Task brief
Taking the line with "3 月 4 日,据 Whale" as the first and the line with "南方電網有4個項目定標,合計" as the last, set down exactly every line in that range from the entries below, and no more.

Extracted entries
----

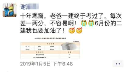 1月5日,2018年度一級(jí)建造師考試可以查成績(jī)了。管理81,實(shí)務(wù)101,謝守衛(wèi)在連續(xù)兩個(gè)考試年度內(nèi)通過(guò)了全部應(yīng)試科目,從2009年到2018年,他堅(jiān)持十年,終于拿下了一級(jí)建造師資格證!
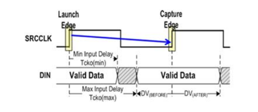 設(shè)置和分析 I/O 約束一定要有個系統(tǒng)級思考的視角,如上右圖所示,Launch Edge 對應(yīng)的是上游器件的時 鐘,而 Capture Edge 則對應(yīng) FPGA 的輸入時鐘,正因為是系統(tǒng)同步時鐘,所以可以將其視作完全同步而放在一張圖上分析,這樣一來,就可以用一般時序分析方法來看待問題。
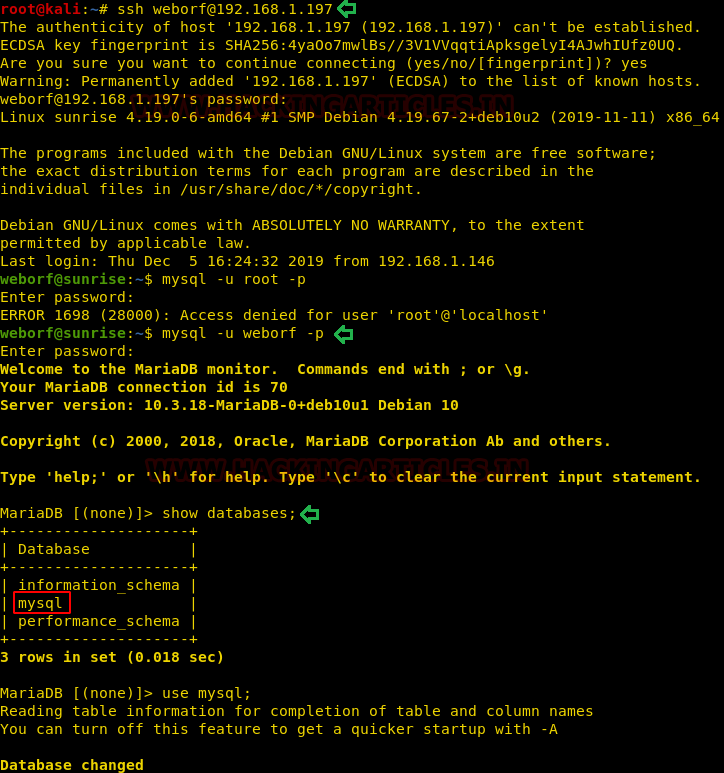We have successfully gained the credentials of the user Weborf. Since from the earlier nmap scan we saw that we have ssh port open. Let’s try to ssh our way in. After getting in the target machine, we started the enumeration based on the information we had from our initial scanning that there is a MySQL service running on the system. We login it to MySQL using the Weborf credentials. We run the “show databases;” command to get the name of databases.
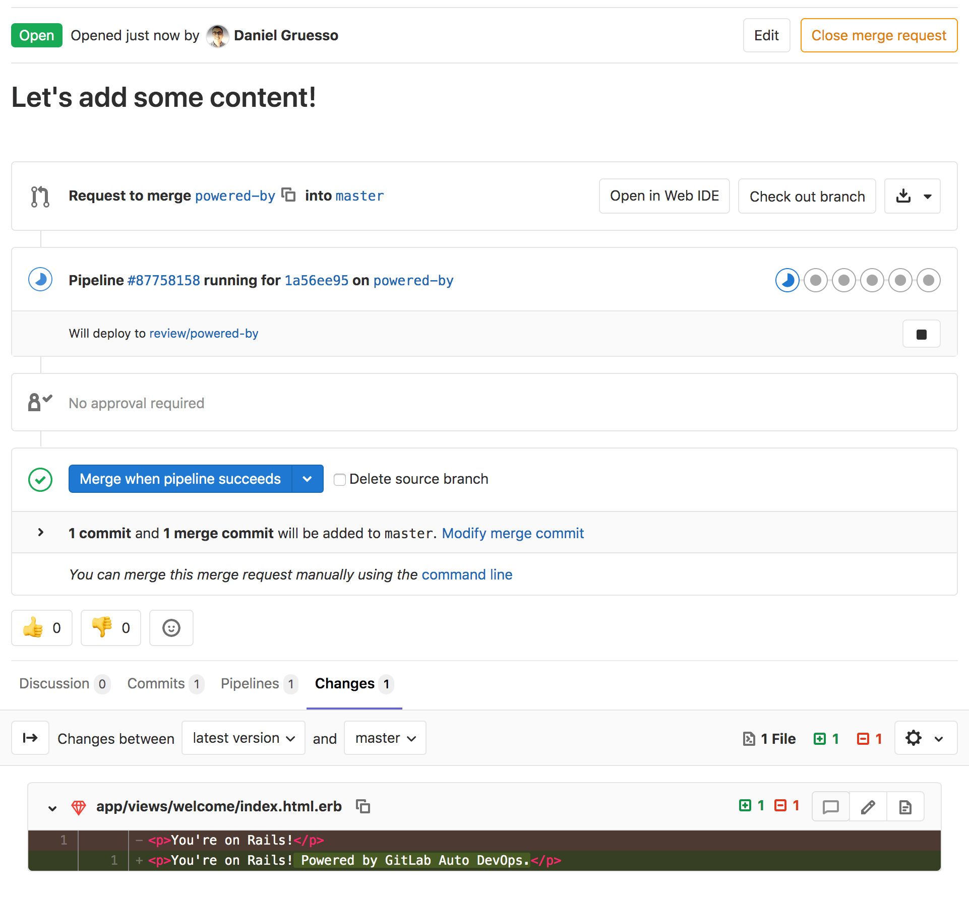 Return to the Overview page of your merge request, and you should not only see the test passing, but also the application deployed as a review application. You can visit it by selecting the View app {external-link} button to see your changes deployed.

----

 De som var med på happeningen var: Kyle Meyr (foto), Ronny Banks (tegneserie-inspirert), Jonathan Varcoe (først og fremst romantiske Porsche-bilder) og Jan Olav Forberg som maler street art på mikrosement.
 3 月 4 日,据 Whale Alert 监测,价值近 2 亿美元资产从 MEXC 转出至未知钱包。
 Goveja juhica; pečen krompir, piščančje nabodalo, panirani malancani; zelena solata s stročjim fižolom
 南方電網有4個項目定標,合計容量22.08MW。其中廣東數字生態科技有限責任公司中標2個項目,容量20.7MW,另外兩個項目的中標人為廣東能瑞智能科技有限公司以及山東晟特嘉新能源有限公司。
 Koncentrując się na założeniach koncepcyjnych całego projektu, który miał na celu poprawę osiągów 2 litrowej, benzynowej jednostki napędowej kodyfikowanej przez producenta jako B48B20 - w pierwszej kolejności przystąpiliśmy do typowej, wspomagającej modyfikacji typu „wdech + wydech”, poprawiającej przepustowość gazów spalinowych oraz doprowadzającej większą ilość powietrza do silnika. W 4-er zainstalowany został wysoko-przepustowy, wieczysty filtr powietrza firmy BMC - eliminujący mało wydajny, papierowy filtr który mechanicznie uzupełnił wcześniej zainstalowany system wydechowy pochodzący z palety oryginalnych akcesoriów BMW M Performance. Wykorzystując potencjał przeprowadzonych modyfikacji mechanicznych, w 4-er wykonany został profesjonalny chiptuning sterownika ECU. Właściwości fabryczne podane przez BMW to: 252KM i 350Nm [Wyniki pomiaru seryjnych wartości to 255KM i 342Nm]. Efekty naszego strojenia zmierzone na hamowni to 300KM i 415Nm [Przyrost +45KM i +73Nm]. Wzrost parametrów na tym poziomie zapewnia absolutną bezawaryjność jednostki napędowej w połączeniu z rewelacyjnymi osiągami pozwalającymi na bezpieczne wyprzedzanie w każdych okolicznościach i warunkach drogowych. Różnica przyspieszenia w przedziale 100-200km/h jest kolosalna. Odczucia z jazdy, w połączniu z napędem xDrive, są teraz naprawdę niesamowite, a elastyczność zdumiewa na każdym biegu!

----

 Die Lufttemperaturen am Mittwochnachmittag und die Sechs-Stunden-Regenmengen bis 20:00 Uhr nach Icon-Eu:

----

Finished task
 3 月 4 日,据 Whale Alert 监测,价值近 2 亿美元资产从 MEXC 转出至未知钱包。
 Goveja juhica; pečen krompir, piščančje nabodalo, panirani malancani; zelena solata s stročjim fižolom
 南方電網有4個項目定標,合計容量22.08MW。其中廣東數字生態科技有限責任公司中標2個項目,容量20.7MW,另外兩個項目的中標人為廣東能瑞智能科技有限公司以及山東晟特嘉新能源有限公司。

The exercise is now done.